Aliases: Jachet de Mantua, Jachet de Mantoue, Jacquet of Mantua, Jachet de Mantova, Jacques Colebault, Jacobus Collebaudi

Born: 1483, Vitré
Died: 2 October 1559, Mantua


French composer active in Italy. He was one of the leading composers of sacred polyphony between Josquin and Palestrina. He was known simply as Jacquet (Giachetto, Iachettus), and has often been confused with Jacquet de Berchem. Details of his early years are lacking, but he was doubtless related to the French singer Antoine Colebault, called Bidon, a favourite of Leo X. Several north Italian manuscripts compiled around 1520 contain a group of his motets. In 1525 he won support, along with Willaert, from Duke Alfonso I. Jacquet and Willaert later jointly set psalms for double chorus. About 1526 Jacquet turned his sights on Mantua, whose musical life he would dominate for the next 30 years.
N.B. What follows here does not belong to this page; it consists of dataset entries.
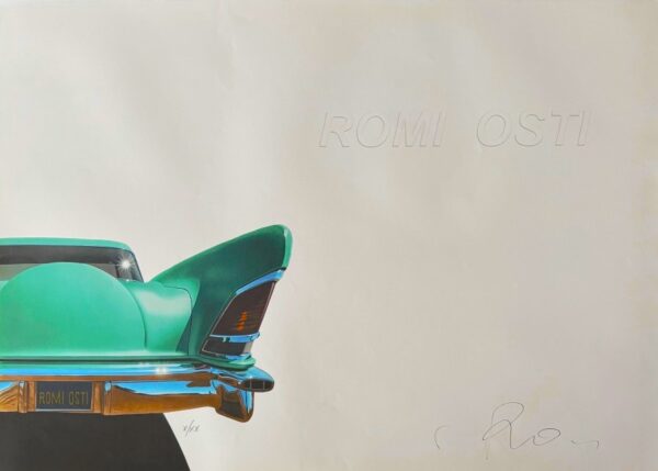 OSTI ROMI Rovigo 1956 “Senza titolo” Serigrafia su cartoncino cm 101×72. Firmata sul fronte in basso a destra, tiratura X/XX a sinistra.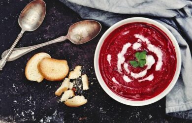 A colourful vegetarian soup recipe.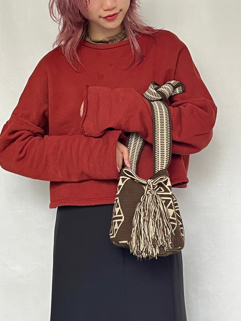 ショルダーバッグとしてだけではなく、持ち手を結んで短くし、ミニバッグのように持っていただくのもおすすめです。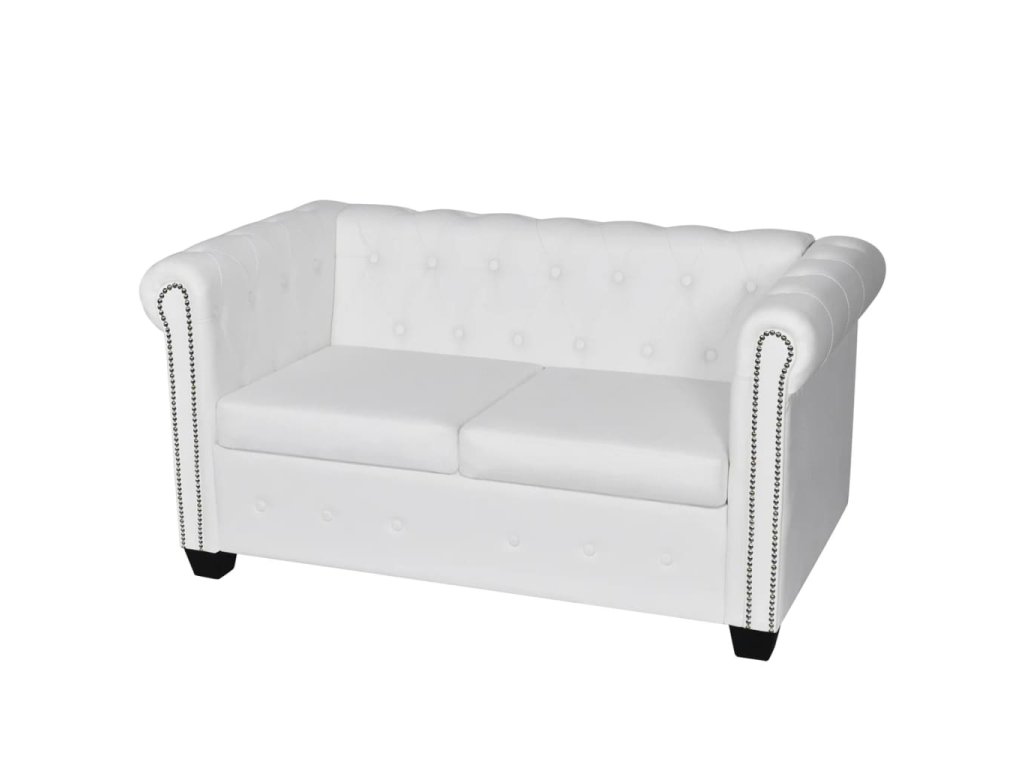 Tato sedačka Chesterfield je perfektní kombinací pohodlí a sofistikovanosti a bude skvělým doplňkem do každého domova či kanceláře. Tato 2místná pohovka s ozdobným prošíváním a cvočky a půvabně zakřivenými područkami dodá každému interiéru nádech luxusu a stylu.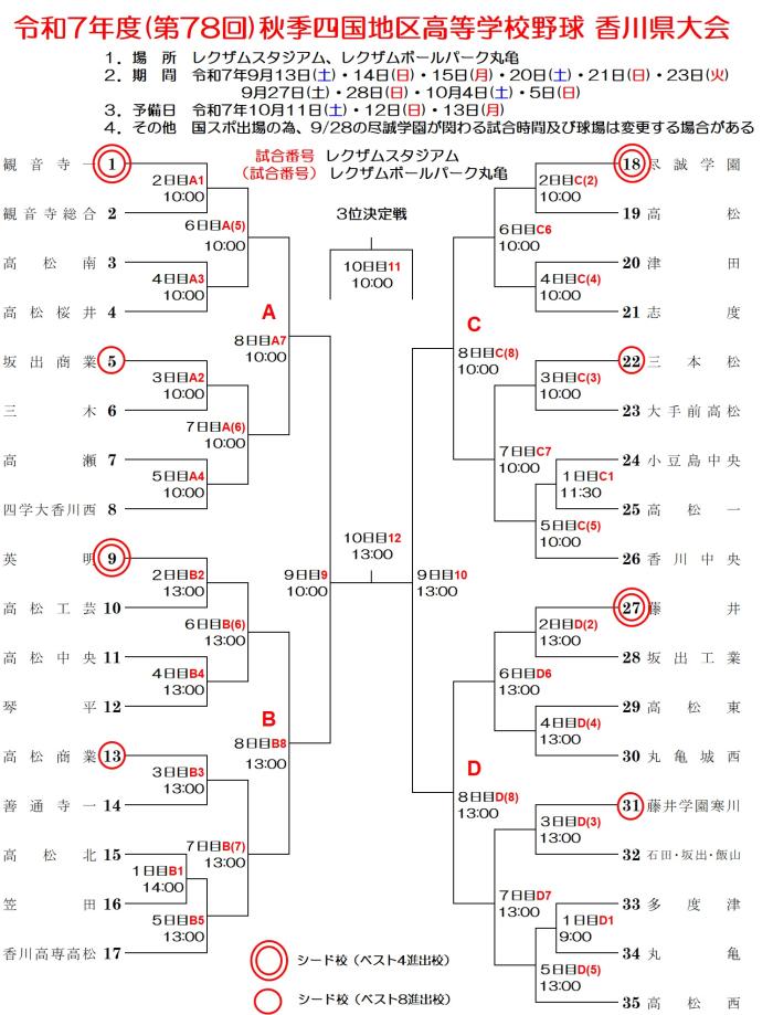 | 高松中央 | 0 | 0 | 0 | 0 | 3 | 2 | 0 | 0 | × | 5 |

He was granted citizenship in 1534 and from then until 1559 he was titular maestro di cappella of Mantua Cathedral. His status was unusual, however, in that he had direct responsibility not to the cathedral or court but rather to a single patron, Ercole Cardinal Gonzaga (1505–63), Bishop of Mantua, papal legate to Charles V and ultimately president of the Council of Trent.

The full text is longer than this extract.